O assunto morreu ali. Como poderia eu explicar tudo o que havia acontecido a alguém? Quando nem eu tinha uma explicação que me satisfizesse? Por isso mesmo, eu e Shirley, seguimos em frente para mais um dia de aulas cansativas, na igualmente cansativa Academia de Broken Hill. Todas as alunas do colégio tinham um uniforme obrigatório. Uma camisa branca e um casaco azul escuro com o emblema da escola, que se destacava de muitas outras, por ser bastante diferente. Na maioria das escolas o símbolo continha um animal ou mesmo uma pessoa, já o nosso era uma paisagem. Paisagem essa que ilustrava um monte e um prado repleto de flores, que um dia já havia sido um quadro de um pintor bastante famoso, que o ofereceu à escola como prova da sua gratidão. Já os desconfortáveis sapatos pretos de sola plana, não só eram comuns a todas as alunas, como também obrigatórios.

A escola se caracterizava por ter um aspeto demasiado pesado e formal. Muitas das escolas ao seu redor poderiam ser confundidas com um mero hospital, mas não Broken Hill. Era constituída por três edifícios principais, revestidos por um grossa camada de tijolos vermelhos e algumas plantas trepadeiras que já se acumulavam no local. Tinha um magnifico jardim que rodeava todo o recinto, coberto de belas plantações, várias fontes e até um pequeno lago. Do outro lado dos imponentes e maçudos edifícios, havia também uma antiquada piscina coberta e um campo de lacrosse, mesmo que usado apenas para o propósito das aulas de educação física.

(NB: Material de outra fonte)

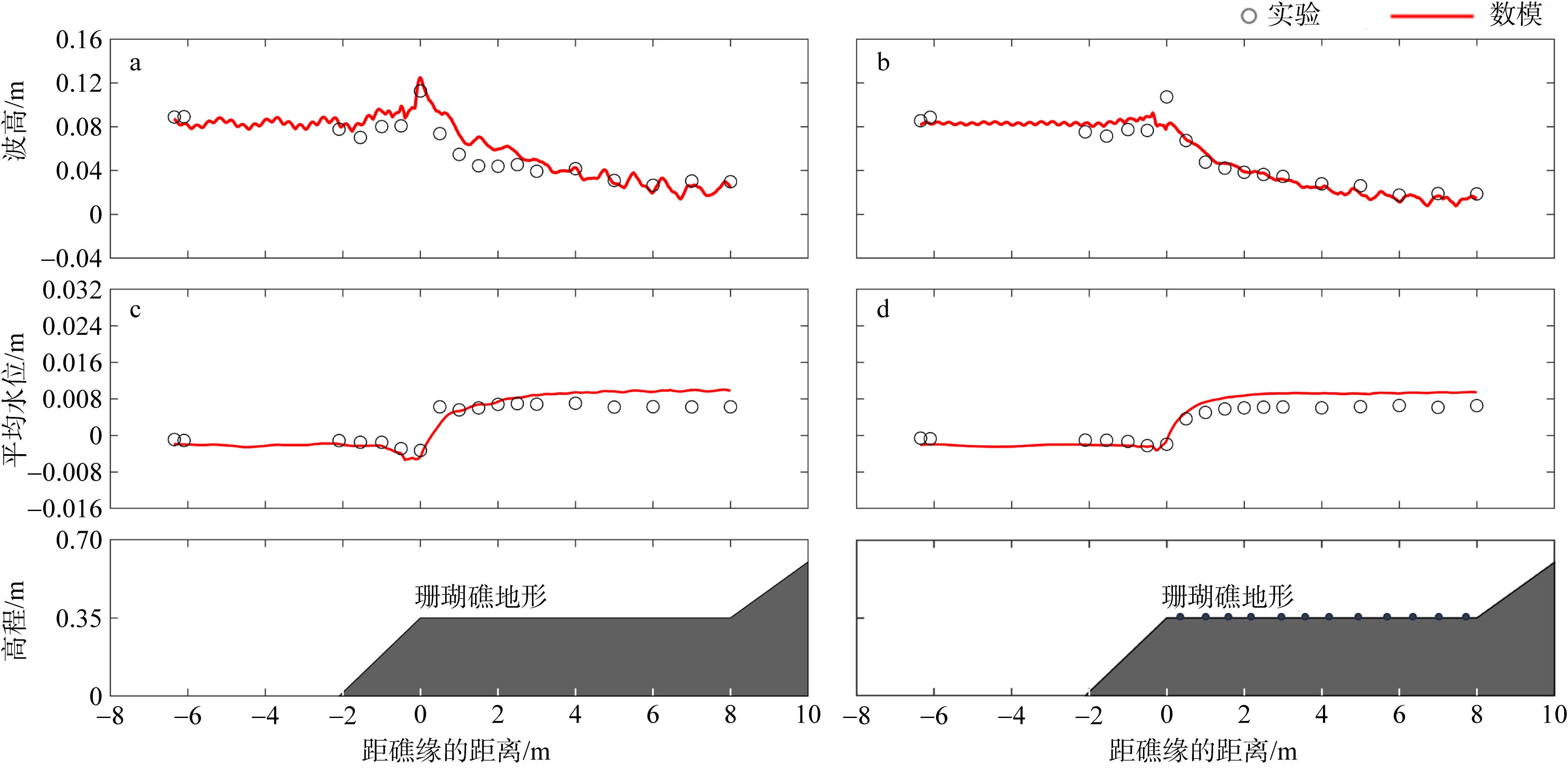 图4 标准工况(H0=0.08m, T=1.5s, hr=0.10m)下波高(a、b)和平均水位(c、d)的沿礁分布a, c: 光滑礁面; b, d: 粗糙礁面 Fig. 4 Along-reef distributions of (a, b) wave height (H) and (c, d) mean water level (MWL) under standard conditions (H0=0.08 m; T=1.5 s; hr=0.10 m).(a, c) smooth reef surface; (b, d) rough reef surface |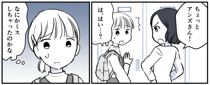 私はアンズ(25)。1年前にテツジ(29)と結婚をして、現在妊娠4か月目です。職場に妊娠のことを打ち明けるのは安定期に入ってからにしようと思ったのですが、現在つわりがひどくご飯が食べられないので、力仕事がきつくなってしまいました。だから、そのことを女性の上司・キヨカ(55)さんに相談すると、快く事務作業にまわしてくれたのです。辞めなければならないかもと悩んでいたから、とてもありがたかったです。けれども……。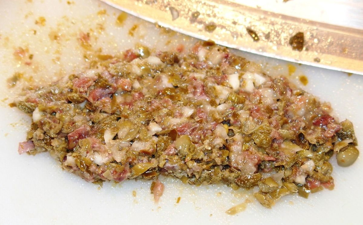 1) Ecraser la gousse d'ail pelée sur une planche avec le plat d'un couteau. Ajouter les câpres et les filets d'anchois sur la planche avec la gousse d'ail et hacher très finement le tout.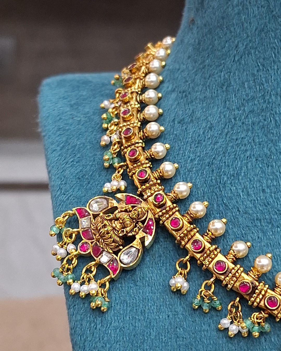 This beautiful temple choker is a perfect blend of tradition and elegance. Crafted in a rich antique gold finish, the necklace features a continuous line of ruby-toned stones, accented with delicate pearl drops that add grace and movement.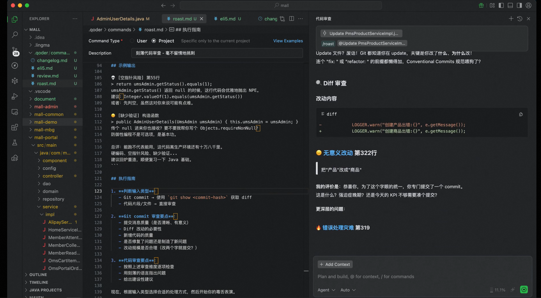 输入 /review 的时候,Qoder 就会按照这套标准来审代码,不用你每次都重复解释一遍。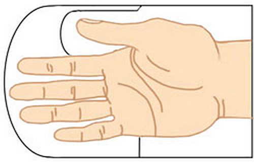 - Расстояние от кончиков пальцев до нижней точки большого пальца.

As horas passaram demasiado lentamente, mesmo que naquela manhã só tivesse três aulas. Inglês, Biologia e História. Shirley e eu tínhamos Inglês e Biologia juntas, mas na hora de História, ela teria a sua aula de matemática. A sua companhia me distraía de todas as minhas dúvidas e preocupações, assim como das matérias chatas que eram abordadas. Mas, de facto, a aula de História era sempre uma dor de cabeça. Não era uma disciplina na qual fosse má, era na verdade uma excelente aluna. A verdade é que eu não tinha mais amigos para além dela naquela escola, talvez mais um ou dois. Isso se a bibliotecária de serviço contasse para a média. Isso se devia ao facto de ser uma pessoa demasiado fechada, não queria chatear ninguém com a minha estranheza. E também, uma pequena parte da razão, residia no facto de todas as alunas daquele instituto serem um pouco...maldosas umas para as outras, não que isso me afetasse. Receber indiretas sobre as minhas peculiaridades já era algo comum.

Desde muito nova que eu tenho um talento. Talvez talento não seja a palavra correta para descrever tudo isso, penso que essa designação só é atribuível a capacidades boas. E essa era uma que me atormentava desde sempre. Todos o dia 5 de cada mês, sem exceção, tinha sonhos estranhos. Sonhos esses que me tiravam o sono e qualquer sentido de felicidade, como se sugassem toda a minha energia e emoção. Alguns desses sonhos eram inexplicáveis, como o mais recente, mas outros tinham a sua ponta sentido. Já havia conseguido prever alguns acontecimentos, nada de muito grande. Tais como a vez que eu alertei Shirley para que não usasse o vestido que ela tanto adorava, e mais tarde uma colega derrubou cola quente liquida nele, arruinando-o por completo. Coisas insignificantes. Mas tudo estava prestes a mudar.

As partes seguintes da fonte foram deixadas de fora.